Overview
- System: Maryland Transit Administration
- Garage: Eastern (until Feb. 2015) Bush
- Status: active
- Began service: 1948

Route
- Locale: Baltimore City Baltimore County
- Communities served: Westview Park Edmondson Village
- Landmarks served: Westview Mall Grace Medical Center
- Other routes: 1, 3, 5, 6, 7, 8, 10, 11, 13, 15, 16, 19, 21, 22, 23, 26, 27, 31, 35, 36, qb40, 44, qb46, qb48, 51, 57, 61, 64, 77, 91, 99 (on Security Blvd.), 120, 150, 160

Service
- Level: Daily
- Frequency: Every 15-20 minutes (Weekdays and Saturdays) Every 30 minutes(Sundays)

= LocalLink 78 (BaltimoreLink) =

Bus route in Baltimore, Maryland and its suburbs

LocalLink 78, formerly Route 20 is a bus route operated by the Maryland Transit Administration in Baltimore and its suburbs. The line currently runs from Security Square Mall east through downtown Baltimore to Baltimore City Hall. The main roads on which the line operates are Old Frederick Road, Baltimore Street, Fayette Street, and Boston Street. The line serves the communities of Westview, Edmondson Village.

The bus route is the successor to the 15 West Baltimore Street, 20 Point Breeze, and Fairmount Avenue streetcar lines; the West Baltimore Street Line was the third streetcar line in Baltimore.

== History ==
In 1899, the No. 15 streetcar started operating along the western portion of this route as far west as Franklintown Road. Parts of the eastern portion were served by the nos. 23 and 26 streetcars during the streetcar era. Several Baltimore streetcars held the no. 20 designation.
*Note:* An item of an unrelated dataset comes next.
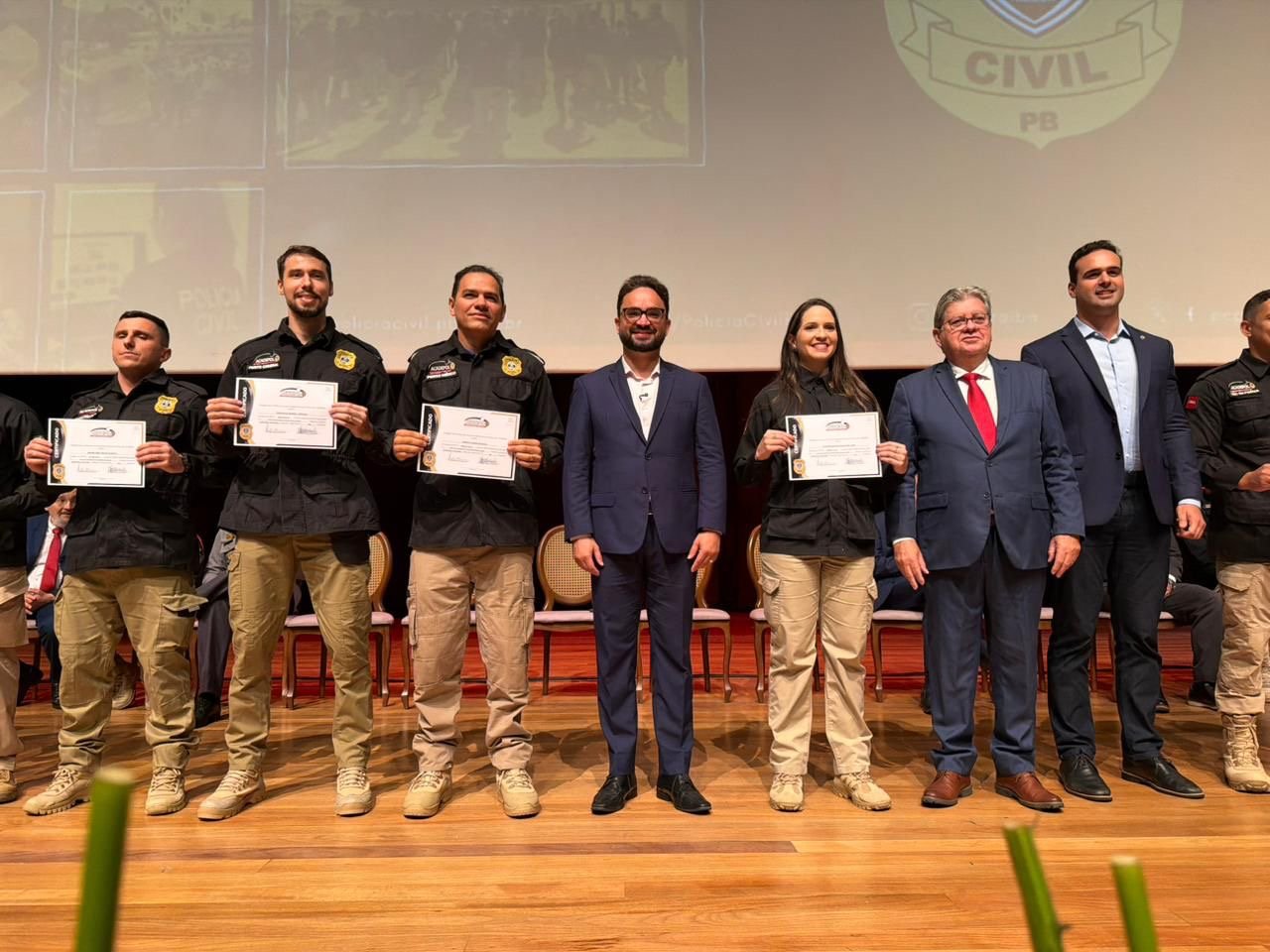 O evento contou com a presença do governador João Azevêdo e do vice-governador Lucas Ribeiro, reafirmando o compromisso da gestão estadual com o fortalecimento da segurança pública e a valorização do serviço público.

These included one that operated along Orleans Street from 1894 to 1929 before being absorbed into the No. 6 Streetcar (where service is currently provided by bus route 35), the West Arlington Jerkwater which operated briefly in 1930 (where service is currently provided by bus route 44), the Dundalk Short Line, which operated from 1930 to 1936, and the Point Breeze streetcar/bus, which operated from 1940 to 1948, which was reduced to a shuttle in 1948 before being absorbed by other services.

The current Route 20 on Baltimore Street started operating in 1948. In that year, the line absorbed Bus Route N, which had operated since 1932 when no. 15 streetcar service on West Baltimore Street was discontinued.
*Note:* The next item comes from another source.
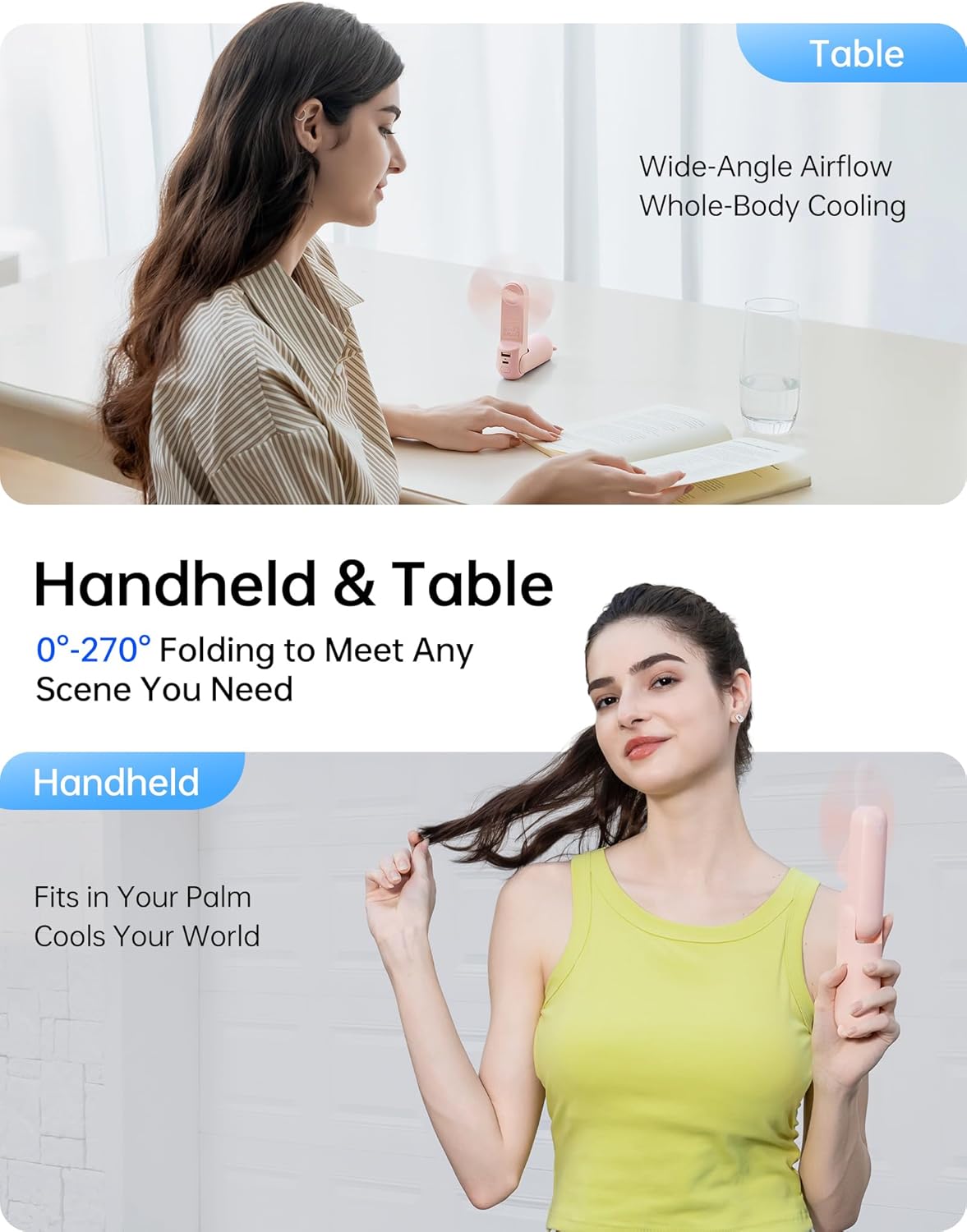 - Diseño plegable y tamaño pequeño: el diseño plegable hace que sea fácil de transportar y almacenar. Además, con la forma de cápsula (5.1 x 1.6 x 1.6 pulgadas, peso: 6.5 onzas), este ventilador recargable puede ocultar la aspa del ventilador, pequeño y fácil de deslizar en tu bolsillo y bolso. Elección de regalo para Navidad y Año Nuevo.

The line saw later expansions on the west side while communities developed in Edmondson Village, Westview, and Woodlawn, and was eventually extended to Rolling Road and Security Boulevard. The layover point was then moved across the street to Security Square Mall. On the east side, the line was extended to Dundalk Community College (now the Community College of Baltimore County Dundalk campus) and Dundalk Marine Terminal.

In October 2005, as part of the Greater Baltimore Bus Initiative, a comprehensive overhaul plan, Route 20 underwent the following changes:
- All trips on the west side, including all short turns at Hilton Street and Franklin Street, were extended to Security Square Mall. The Social Security branch was discontinued.
- All trips on the east side were extended to CCBC Dundalk, with the exception of selected weekday trips to Dundalk Marine Terminal. All other branches and short turns were eliminated, but in February of the following year, the short turns at Dundalk and Center Place were reintroduced on weekdays in order to improve schedule adherence.
- Routing in East Baltimore shifted two blocks north from Baltimore Street to Fayette Street. As this new route overlapped with the new Route 40 and existing Route 23 that had long operated on the same street, it allowed the schedules of the lines to be coordinated and evenly spaced on one of the peak portions of the route where ridership demand is high while keeping operating costs down.
- A plan to shift routing in West Baltimore from Old Frederick Road to Edmondson Avenue was abandoned as riders in this area did not feel safe walking a few extra blocks.
On 22 February 2015, service was cut to run between Security Square Mall and City Hall, with short turns at Edmonsdon Village as part of the first phase implementation of the Bus Network Improvement Project. Service on the eastern portion of the route was picked up by the new Route 31 for trips to Dundalk and by new Route 26 with expanded service to Dundalk Marine Terminal and the Amazon Warehouse.

In 2017, as a part of the BaltimoreLink system redesign, Route 20 became LocalLink 78.

== In popular culture ==
In Every Secret Thing By Laura Lippman, the narrator describes her plans to take the bus to St. Agnes Lane near U.S. 40, where Route 20 operates.